IHRAM.CO.ID, PARIS – Menteri Dalam Negeri Sayap Kanan Prancis Gerald Darmanin mengumumkan akan mengatur sebuah forum Islam awal tahun depan. Tindakan tersebut dilakukan untuk menyikapi cara umat Islam mempraktikkan keyakinan mereka.
Nantinya, pemerintah Prancis akan memilih antara 80 hingga 100 orang yang diajukan sebagai pemimpin agama, imam, dan anggota masyarakat sipil. Namun yang lebih penting, pemerintah seolah menekankan narasi negara bahwa Muslim dan Islam memiliki masalah di negara itu.

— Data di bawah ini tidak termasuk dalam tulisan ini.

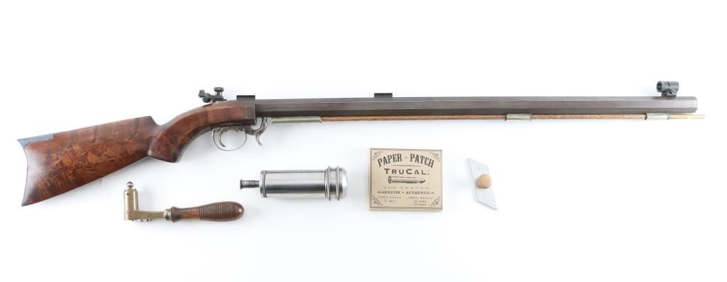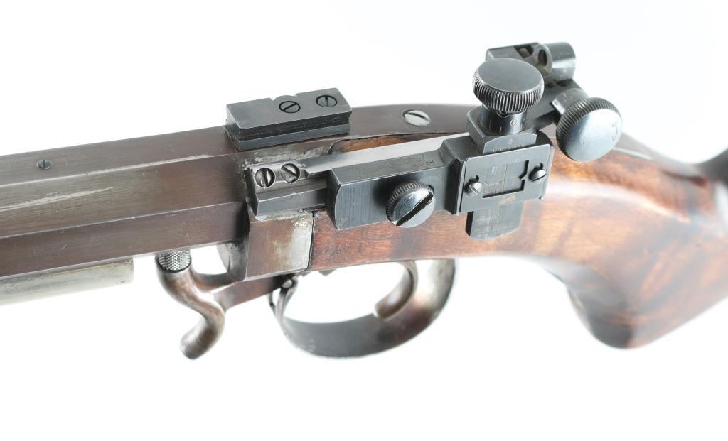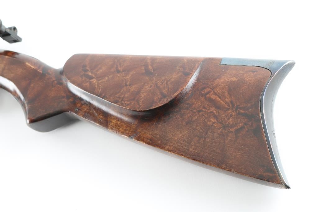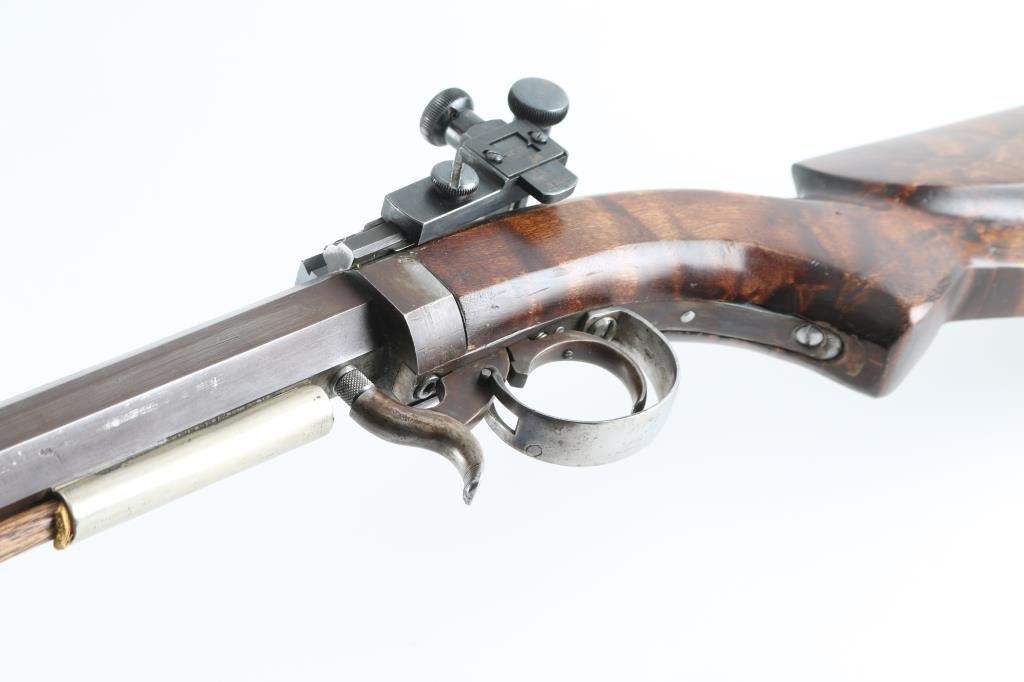 Custom single shot percussion rifle for black powder (or appropriate substitute) only. Features 32" heavy octagon barrel, dovetail blocks along top of barrel for mounting optics, hooded globe front sight, Redfield rear peep sight, ramrod under barrel, fancy figured dark wood butt stock with curved grip & right handed cheekpiece, steel crescent buttplate. Bore is good to very good. Barrel is browned, 90% coverage with scratches & edge losses. Wood is very good condition. Includes bullet mold, bullet swaging tool, small package of paper for patching bullets. Condition is NRA Very Good *** Antique Firearm ***

Pada tahun 2020 Presiden Prancis Emmanuel Macron menekan Dewan Ibadah Muslim Prancis (CFCM) untuk menandatangani "Piagam Nilai-Nilai Republik" dalam sebuah langkah yang menafikan populasi Muslim terbesar di Eropa sebesar 5,4 juta.

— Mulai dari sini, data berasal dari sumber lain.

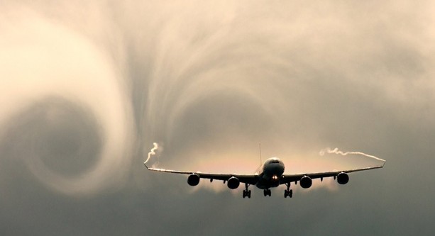 Infine i vortici di estremità alare (Wingtip vortices), sono spesso ritenute un tipo di scia di condensazione, ma sono in realtà prodotte da un processo diverso. In condizioni meteorologiche molto specifiche, si possono vedere delle scie di vapore formarsi nella parte posteriore delle estremità alari degli aerei a reazione durante il decollo o l’atterraggio. Questo fenomeno si verifica a causa di una diminuzione della pressione e della temperatura mentre l’ala genera portanza (lift). Una cosa similare avviene, in determinate condizioni atmosferiche, anche nei GP di F1.

Selain itu, awal tahun ini, pemerintah Macron juga mendorong "Piagam Imam" yakni seperangkat prinsip yang akan mendefinisikan Islam Prancis. "Piagam Imam" berusaha mengontrol apa yang dapat dibicarakan masjid dalam khotbah mereka. Utamanya, jika mereka membahas seputar Islamofobia atau rasisme negara, yang dibantah oleh pemerintah Prancis sebagai masalah. Pidato di masjid yang dinilai bermusuhan dengan kebijakan luar negeri Prancis juga akan dilarang.
Kedua inisiatif pemerintahan Macron itu nyatanya gagal karena dianggap kurang memiliki legitimasi. Inisiatif terbaru yang akan diadakan pada Februari tahun depan akan mengakui kegagalan itu dan pemerintah Macron sekarang mencari pendekatan baru.

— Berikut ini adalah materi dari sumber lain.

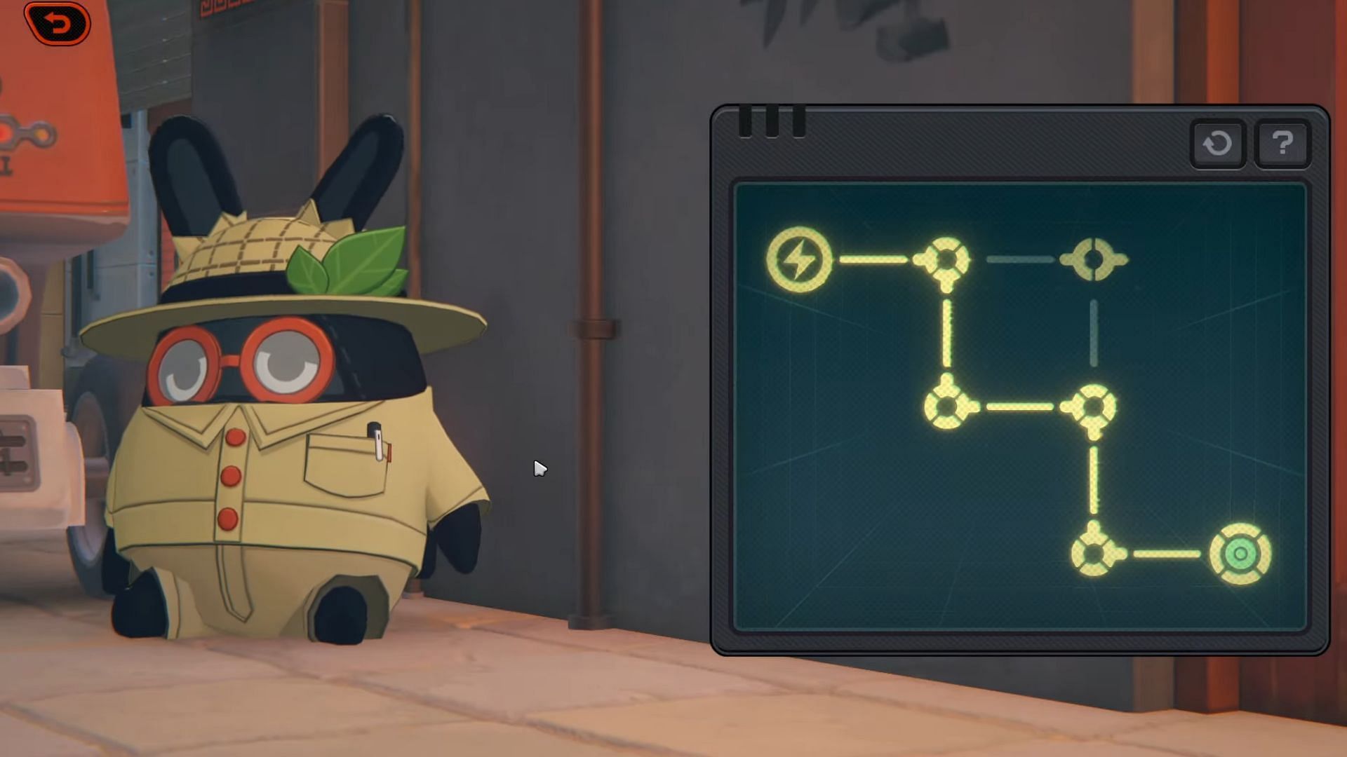 Once you find the Treasure Hunt Bangboo by the Waterfall Soup, interact with the creature to rewire its system. The process involves solving a simple encryption puzzle composed of different modules. Rotate them accordingly to create a circuit.

“Kami memiliki sesuatu yang sangat formal yang bekerja di sekitar CFCM,” kata pemerintah setelah pengumuman inisiatif tersebut.
Namun, CFCM telah lumpuh total selama setahun. CFCM yang didirikan pada tahun 2003 oleh Menteri Dalam Negeri Prancis Nicholas Sarkozy yang menjabat saat itu, sejak awal telah menjadi badan kontroversial tanpa kedudukan hukum. Namun, CFCM bertindak sebagai saluran antara negara Prancis dan penduduk Muslim.
Beberapa organisasi Muslim mengutuk upaya pemerintah Prancis untuk menginstrumentalisasi Islam setelah pengumuman itu. Masjid Agung Paris, sebuah badan yang dekat dengan pemerintahan Macron, berpisah dari CFCM setelah badan tersebut menolak untuk mengadopsi Piagam Imam negara bagian.
Awal tahun ini, Darmanin menyatakan ketidaksenangannya karena tidak dapat menutup lebih banyak masjid di negara ini. Selama setahun terakhir, Macron telah menutup 17 masjid karena melanggar undang-undang keamanan yang tidak jelas atau tidak memiliki standar keamanan yang tepat. Sebanyak 89 masjid tambahan juga berada di bawah pengawasan.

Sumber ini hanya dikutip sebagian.